Given data Start Marker
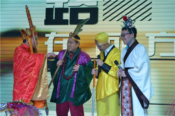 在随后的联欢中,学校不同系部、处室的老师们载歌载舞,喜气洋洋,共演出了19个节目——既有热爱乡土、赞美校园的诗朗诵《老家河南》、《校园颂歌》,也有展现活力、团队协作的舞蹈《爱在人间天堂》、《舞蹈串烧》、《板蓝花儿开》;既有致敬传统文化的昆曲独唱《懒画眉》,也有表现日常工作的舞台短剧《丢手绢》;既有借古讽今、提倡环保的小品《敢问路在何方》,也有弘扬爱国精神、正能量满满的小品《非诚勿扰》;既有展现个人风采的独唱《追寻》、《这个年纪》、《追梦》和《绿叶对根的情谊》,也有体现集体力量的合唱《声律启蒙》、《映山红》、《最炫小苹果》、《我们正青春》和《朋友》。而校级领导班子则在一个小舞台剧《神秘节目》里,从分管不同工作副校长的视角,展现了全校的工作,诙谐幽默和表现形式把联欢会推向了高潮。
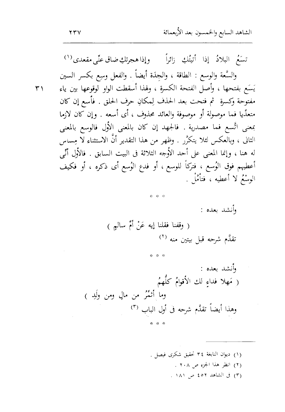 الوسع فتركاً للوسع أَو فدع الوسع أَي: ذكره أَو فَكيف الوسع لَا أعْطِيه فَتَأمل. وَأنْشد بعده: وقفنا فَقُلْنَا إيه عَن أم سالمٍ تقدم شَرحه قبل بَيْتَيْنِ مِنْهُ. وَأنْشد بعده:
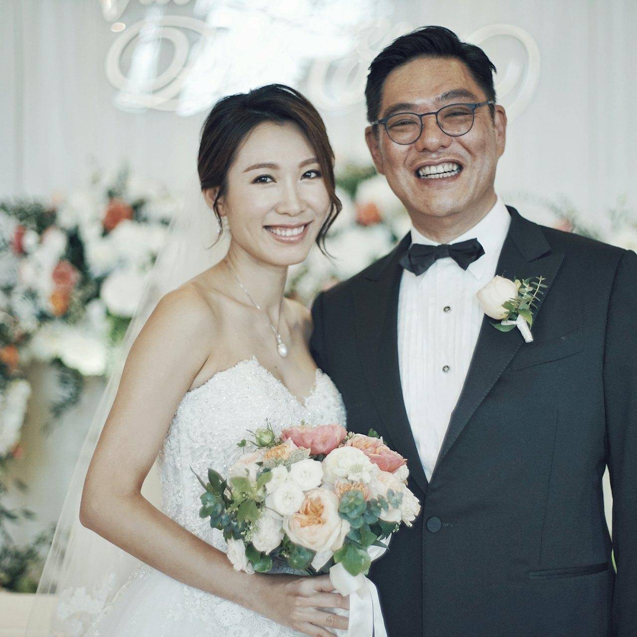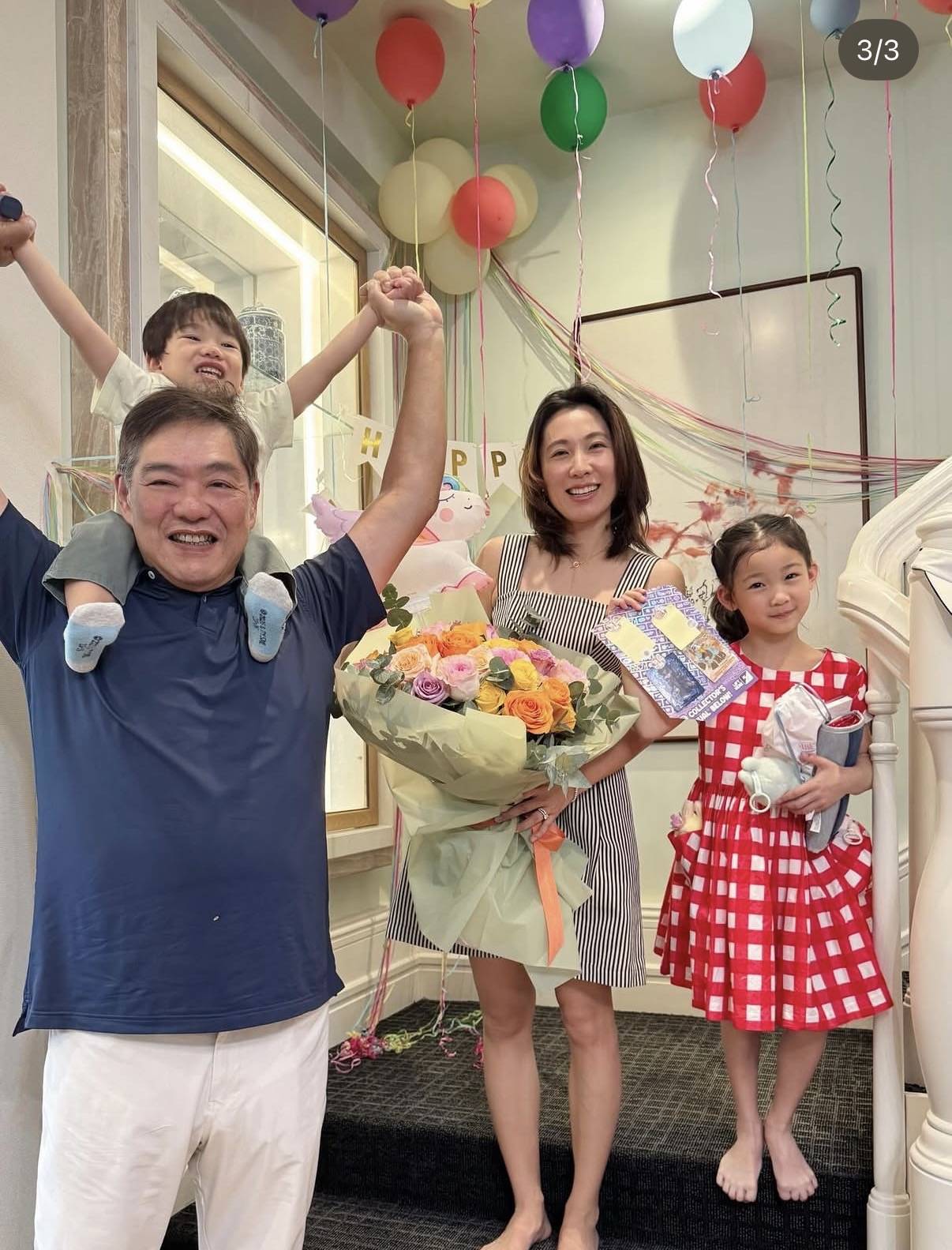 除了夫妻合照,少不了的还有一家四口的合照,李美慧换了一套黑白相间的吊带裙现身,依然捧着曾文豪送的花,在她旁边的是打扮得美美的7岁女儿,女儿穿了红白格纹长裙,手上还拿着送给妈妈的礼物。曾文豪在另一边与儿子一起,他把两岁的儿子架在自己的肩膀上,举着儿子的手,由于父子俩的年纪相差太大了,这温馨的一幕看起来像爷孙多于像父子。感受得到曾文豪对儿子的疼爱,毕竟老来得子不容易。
Given data End Marker
Copy exactly the lines running from the line with "الوسع فتركاً للوسع" to the final line of the listing, keeping both ends and dropping any picture.

→ Task solution:
 الوسع فتركاً للوسع أَو فدع الوسع أَي: ذكره أَو فَكيف الوسع لَا أعْطِيه فَتَأمل. وَأنْشد بعده: وقفنا فَقُلْنَا إيه عَن أم سالمٍ تقدم شَرحه قبل بَيْتَيْنِ مِنْهُ. وَأنْشد بعده:
 除了夫妻合照,少不了的还有一家四口的合照,李美慧换了一套黑白相间的吊带裙现身,依然捧着曾文豪送的花,在她旁边的是打扮得美美的7岁女儿,女儿穿了红白格纹长裙,手上还拿着送给妈妈的礼物。曾文豪在另一边与儿子一起,他把两岁的儿子架在自己的肩膀上,举着儿子的手,由于父子俩的年纪相差太大了,这温馨的一幕看起来像爷孙多于像父子。感受得到曾文豪对儿子的疼爱,毕竟老来得子不容易。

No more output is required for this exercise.